I love your phrase "use the ordinary to create something extraordinary". While I don't have a woods nearby wherein to wander, I find the truth of your statement in my walks in most prosaic of environments--a suburban neighborhood. Even oil stains on the road create a rainbow.

 
At 9:51 AM, Blogger Liza Lee Miller said...

Thanks for the reflection. And, I think your woods are special -- as are mine -- because they ARE. Having a chronicler just lets us know about their specialness. And, hurray that they are getting more special all the time!

 
At 10:40 AM, Anonymous mon@rch said...

such a wonderful post Julie! I am one who enjoy's the off trail hike and glad to see you are exploring also!

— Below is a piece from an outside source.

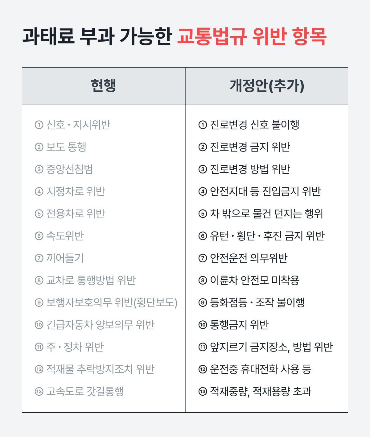 기존엔 범칙금이 운전자 대상으로 부과된다는 점에서, 교통법규 위반 사실에도 처벌이 사실상 어려웠습니다. 이에 올해 7월 도로교통법 개정하여 13개의 교통법규 위반 행위에 과태료 항목이 추가됐습니다.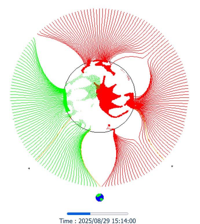 De Heliospheric Currentsheet Crossing (HCC) is vrijdag 29-8 weer actief en is vermoedelijk nog ongeveer 1,5 week of langer aan de orde.

Hope chet gets better quickly!

 
At 11:13 AM, Blogger robin andrea said...

I've always believed that art is that mysterious process that takes the mundane and makes it sublime. Yes, the ordinary becomes extraordinary. That's the beauty of seeing, really seeing-- which you do so extraordinarily well.

 
At 2:19 PM, Blogger Trixie said...

What are the runes saying? Hmmm....

 
At 5:29 PM, Anonymous Anonymous said...

Both of my walking companions are older gals now and so I sometimes venture into the woods without them on my walks. It is not a bad experience and often offers more opportunity for subtler observations. HOWEVER, I would not trade walkin' in the woods with my pups for anything, soo...a quick recovery to dear Chet Baker.

 
At 5:59 PM, Anonymous Denise said...

Okay, Okay...I'm going to go get those liniment bottles AND leave a few behind :)I used to work for the National Park Service in Shenandoah and of course, there are many old homesteads where people had to move on when the land was taken for the Park. They are my favorite spots--those and the old CCC camps. Thanks for the beautiful thoughts you wrote today.

 
At 7:09 PM, Anonymous Anonymous said...

Thanks for reminding me to get off the beaten path and to continue to look for interesting places often overlooked. And may your walking companion get well soon!

 
At 7:11 PM, Anonymous NatureWoman said...

Thanks for reminding me to get off the beaten path and to continue to look for interesting places often overlooked. And may your walking companion get well soon!
(Blogger is behaving badly - sorry for the double comment)

 
At 10:21 PM, Blogger Susan Gets Native said...

I, for one, wish I had 80 acres of reborn paradise to protect.
Yes, your little corner of Ohio is just that, but you inspire others to treat the earth with a gentler tread.

 
At 9:15 PM, Blogger MojoMan said...

In its day, Walden Woods was probably nothing special, either. In a generation or two, will naturalists be making pilgrimages to Indigo Hill and sitting in the woods with dog-eared copies of 'Letters from Eden'?